>>
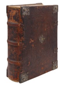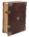Spire, Peter Drach, 26 février 1483. In-folio goth. à 2 colonnes de 48 lignes, veau fauve estampé sur ais de bois, cornières, ombilic central et fermoirs métalliques (Reliure de l'époque).Seconde édition de cet important commentaire scolastique sur le Livre de la Sagesse.
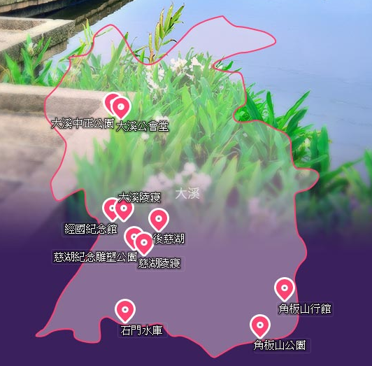 蔣中正領導人曾在第一次下野后來到大溪,眼見美景仿若他的故鄉奉化,因此便親自督工,興建了洞口賓館(奉厝后改為慈湖陵寢)。為了紀念慈母王太夫人,更將埤尾更名為慈湖,并在角板山及大溪興建了兩處行館,而這是他在眾多行館中最喜歡的一處。大溪領導人鎮不僅有結合歷史人文、生態與創意的兩蔣文化園區,還有神秘的后慈湖、幽靜的角板山行館、古色古香的武德殿,這些都是各地旅人前來朝圣的必游之地。大溪古鎮成為一個古今交融的風華小鎮。
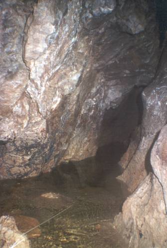 Am Ende dieser Kammer, die 1,50 - 3m hoch ist, entdecke ich den von Franzjoerg Krieg beschriebenen wassergefüllten Schacht, den er im Jahre 1978 aufgrund eines technischen Defektes an seiner Ausrüstung nicht weiter erforschen konnte.
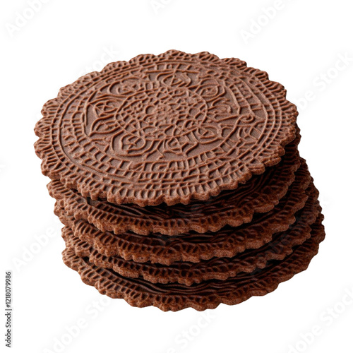 Stack of intricately designed chocolate wafers.
<<
[Exercise details]:
Give back the full listing verbatim, skipping each picture.

[Written response]:
Spire, Peter Drach, 26 février 1483. In-folio goth. à 2 colonnes de 48 lignes, veau fauve estampé sur ais de bois, cornières, ombilic central et fermoirs métalliques (Reliure de l'époque).Seconde édition de cet important commentaire scolastique sur le Livre de la Sagesse.
 蔣中正領導人曾在第一次下野后來到大溪,眼見美景仿若他的故鄉奉化,因此便親自督工,興建了洞口賓館(奉厝后改為慈湖陵寢)。為了紀念慈母王太夫人,更將埤尾更名為慈湖,并在角板山及大溪興建了兩處行館,而這是他在眾多行館中最喜歡的一處。大溪領導人鎮不僅有結合歷史人文、生態與創意的兩蔣文化園區,還有神秘的后慈湖、幽靜的角板山行館、古色古香的武德殿,這些都是各地旅人前來朝圣的必游之地。大溪古鎮成為一個古今交融的風華小鎮。
 Am Ende dieser Kammer, die 1,50 - 3m hoch ist, entdecke ich den von Franzjoerg Krieg beschriebenen wassergefüllten Schacht, den er im Jahre 1978 aufgrund eines technischen Defektes an seiner Ausrüstung nicht weiter erforschen konnte.
 Stack of intricately designed chocolate wafers.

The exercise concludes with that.